◆ **TASK DETAILS**: Copy each line of the records below that mentions the word "features".

((

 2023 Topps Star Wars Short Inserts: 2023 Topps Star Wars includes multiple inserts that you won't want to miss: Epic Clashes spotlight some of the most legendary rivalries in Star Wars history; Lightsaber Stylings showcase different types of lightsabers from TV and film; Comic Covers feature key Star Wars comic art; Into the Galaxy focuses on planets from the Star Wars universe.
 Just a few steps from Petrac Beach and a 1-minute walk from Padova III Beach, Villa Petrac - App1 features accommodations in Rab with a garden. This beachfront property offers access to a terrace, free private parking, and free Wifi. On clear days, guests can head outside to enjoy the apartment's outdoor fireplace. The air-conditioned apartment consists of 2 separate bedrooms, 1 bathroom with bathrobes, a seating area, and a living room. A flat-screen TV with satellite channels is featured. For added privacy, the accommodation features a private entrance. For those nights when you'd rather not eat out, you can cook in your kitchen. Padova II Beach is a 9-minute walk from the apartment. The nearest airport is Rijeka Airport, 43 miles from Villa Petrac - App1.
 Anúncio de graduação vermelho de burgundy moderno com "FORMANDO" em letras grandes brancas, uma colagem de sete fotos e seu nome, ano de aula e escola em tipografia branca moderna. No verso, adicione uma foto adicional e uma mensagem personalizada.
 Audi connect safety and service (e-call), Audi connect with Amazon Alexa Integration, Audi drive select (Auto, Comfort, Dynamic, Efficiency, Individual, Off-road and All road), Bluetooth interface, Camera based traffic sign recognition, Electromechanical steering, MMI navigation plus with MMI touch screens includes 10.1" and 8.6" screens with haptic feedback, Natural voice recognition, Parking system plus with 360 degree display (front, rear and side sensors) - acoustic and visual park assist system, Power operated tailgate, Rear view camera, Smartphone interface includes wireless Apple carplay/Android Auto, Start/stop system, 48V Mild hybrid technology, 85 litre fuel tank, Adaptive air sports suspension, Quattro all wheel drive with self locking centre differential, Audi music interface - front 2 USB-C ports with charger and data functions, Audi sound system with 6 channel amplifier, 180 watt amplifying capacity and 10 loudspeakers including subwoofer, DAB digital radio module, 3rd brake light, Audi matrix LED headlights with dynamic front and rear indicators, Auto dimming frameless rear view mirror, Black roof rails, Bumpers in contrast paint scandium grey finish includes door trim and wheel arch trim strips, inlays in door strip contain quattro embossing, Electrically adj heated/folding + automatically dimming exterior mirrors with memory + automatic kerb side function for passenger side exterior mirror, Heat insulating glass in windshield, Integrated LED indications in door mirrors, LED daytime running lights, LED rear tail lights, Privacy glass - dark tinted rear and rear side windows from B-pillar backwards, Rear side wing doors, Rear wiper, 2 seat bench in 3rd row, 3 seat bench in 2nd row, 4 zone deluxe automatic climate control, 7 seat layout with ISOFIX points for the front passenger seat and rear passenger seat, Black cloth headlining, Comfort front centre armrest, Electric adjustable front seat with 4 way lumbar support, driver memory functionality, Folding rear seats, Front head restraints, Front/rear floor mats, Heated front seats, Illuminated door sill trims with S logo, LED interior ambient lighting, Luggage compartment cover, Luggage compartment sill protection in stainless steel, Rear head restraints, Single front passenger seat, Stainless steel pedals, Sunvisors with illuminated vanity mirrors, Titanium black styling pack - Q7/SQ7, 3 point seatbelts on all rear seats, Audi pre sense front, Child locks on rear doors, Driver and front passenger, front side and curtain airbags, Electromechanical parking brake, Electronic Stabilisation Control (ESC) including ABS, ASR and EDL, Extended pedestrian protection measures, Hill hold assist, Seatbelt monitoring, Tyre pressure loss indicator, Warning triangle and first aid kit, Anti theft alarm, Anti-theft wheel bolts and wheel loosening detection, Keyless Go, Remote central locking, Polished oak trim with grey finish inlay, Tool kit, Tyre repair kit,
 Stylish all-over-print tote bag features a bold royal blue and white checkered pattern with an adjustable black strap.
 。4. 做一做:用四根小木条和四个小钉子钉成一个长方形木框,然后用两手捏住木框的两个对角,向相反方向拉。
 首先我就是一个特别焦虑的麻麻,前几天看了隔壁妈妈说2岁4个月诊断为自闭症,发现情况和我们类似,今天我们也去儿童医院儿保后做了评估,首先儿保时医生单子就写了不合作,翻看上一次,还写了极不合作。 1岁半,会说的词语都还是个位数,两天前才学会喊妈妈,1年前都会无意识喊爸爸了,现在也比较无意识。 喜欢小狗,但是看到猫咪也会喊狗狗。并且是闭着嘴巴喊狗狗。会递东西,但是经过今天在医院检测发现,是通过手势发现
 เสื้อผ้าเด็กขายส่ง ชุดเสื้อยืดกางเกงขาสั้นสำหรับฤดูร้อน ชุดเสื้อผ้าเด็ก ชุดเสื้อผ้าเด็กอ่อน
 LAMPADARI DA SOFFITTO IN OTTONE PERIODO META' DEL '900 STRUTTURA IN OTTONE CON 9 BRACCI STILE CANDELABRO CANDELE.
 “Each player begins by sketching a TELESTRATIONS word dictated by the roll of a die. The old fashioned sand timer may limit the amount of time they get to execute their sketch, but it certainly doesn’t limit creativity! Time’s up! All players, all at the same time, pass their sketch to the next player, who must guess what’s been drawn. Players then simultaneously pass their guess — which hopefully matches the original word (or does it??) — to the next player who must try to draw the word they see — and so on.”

))

◆ **OUTPUT BELOW**:
 Just a few steps from Petrac Beach and a 1-minute walk from Padova III Beach, Villa Petrac - App1 features accommodations in Rab with a garden. This beachfront property offers access to a terrace, free private parking, and free Wifi. On clear days, guests can head outside to enjoy the apartment's outdoor fireplace. The air-conditioned apartment consists of 2 separate bedrooms, 1 bathroom with bathrobes, a seating area, and a living room. A flat-screen TV with satellite channels is featured. For added privacy, the accommodation features a private entrance. For those nights when you'd rather not eat out, you can cook in your kitchen. Padova II Beach is a 9-minute walk from the apartment. The nearest airport is Rijeka Airport, 43 miles from Villa Petrac - App1.
 Stylish all-over-print tote bag features a bold royal blue and white checkered pattern with an adjustable black strap.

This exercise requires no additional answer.